セキュアなアップロード

2 月の Discourse 2.4 リリース で追加された「Secure Uploads(安全なアップロード)」機能により、Discourse インスタンス内のすべてのアップロード(画像、動画、音声、テキスト、PDF、ZIP など)のセキュリティが大幅に向上します。

前提条件

サイト上で S3 アップロードが有効になっている必要があります。そのためには、以下の設定を入力済みであることが必須です。

  • S3 access key id
  • S3 secret access key
  • S3 region
  • S3 upload bucket

また、パブリックバケットポリシーが設定されていない S3 バケットを使用している必要があります。さらに、既存のすべてのアップロードが public-read S3 ACL を持っていることを確認してください。詳細は後述の「Secure Uploads の有効化」をご覧ください。

これらの前提条件を満たした後、「secure uploads」サイト設定を有効にできます。

Secure Uploads の有効化

:dragon: :warning: HERE BE DRAGONS(危険地帯) :warning: :dragon:

これは高度な機能であり、エンタープライズプラン以外のサポートは限定的です。専門知識を持つユーザーのみが有効化してください。
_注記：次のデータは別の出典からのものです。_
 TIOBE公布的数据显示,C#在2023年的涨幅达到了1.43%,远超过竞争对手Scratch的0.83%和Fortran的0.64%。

Secure Uploads を有効にするには、以下の手順に従ってください。

  1. S3 アップロードが設定されていることを確認してください。
  2. S3 バケットにパブリックバケットポリシーが設定されているか確認してください。設定されている場合は、追加の手順(手順 4)が必要です。
  3. uploads:sync_s3_acls rake タスクを実行してください。これにより、すべてのアップロードが S3 で正しい ACL を持つようになります。これは非常に重要です。手順 4 をこのタスク実行前に実行すると、一部のアップロードにアクセスできなくなる可能性があります。
  4. 手順 1 で確認したように、バケットにパブリックバケットポリシーが設定されている場合は、それを削除してください。
  5. 「secure uploads」サイト設定を有効にしてください。オプションとして、「prevent anons from downloading files(匿名ユーザーによるファイルのダウンロードを防止)」サイト設定を有効にすると、匿名ユーザーが公開投稿からの添付ファイルをダウンロードするのを防げます。これ以降のアップロードは、以下の条件に応じて安全なものとしてマークされる可能性があります。
  6. 過去のすべてのアップロードを分析し、安全なものとしてマークし直す場合は、uploads:secure_upload_analyse_and_update rake タスクを実行してください。
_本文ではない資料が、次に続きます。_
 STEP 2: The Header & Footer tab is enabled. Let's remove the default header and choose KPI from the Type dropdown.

:exclamation: S3 バケットポリシーに関する注意 :exclamation:

アップロード先のバケットに パブリック バケットポリシーが設定されていないことを確認してください。パブリックバケットポリシーには、以下のような記述が含まれます。

{
    "Version": "2012-10-17",
    "Id": "ComputedBucketPolicy",
    "Statement": [
        {
            "Sid": "AllowWorldRead",
            "Effect": "Allow",
            "Principal": "*",
            "Action": "s3:GetObject",
            "Resource": "arn:aws:s3:::your-bucket-name/*"
        }
    ]
}

ここで重要なのは、* に対して GetObject を許可している点です。これは、バケット内のすべてのファイルを誰でもダウンロードできることを意味します。また、ポリシーがパブリックである場合は、このラベルにも表示されます。

これらの設定は 変更しないでください。以下は「Block public access(パブリックアクセスのブロック)」タブの理想的な状態です。

機能の説明

Secure Uploads を有効にすると、Composer 経由でアップロードされたファイルは、以下の基準に基づいて「安全」または「安全でない」としてマークされます。

  • 「login required(ログイン必須)」サイト設定が有効な場合、すべてのアップロードが安全としてマークされ、匿名ユーザーはアクセスできなくなります。
  • プライベートメッセージ内で何かをアップロードした場合、それは安全としてマークされます。
  • プライベートカテゴリ内のトピック内で何かをアップロードした場合、それは安全としてマークされます。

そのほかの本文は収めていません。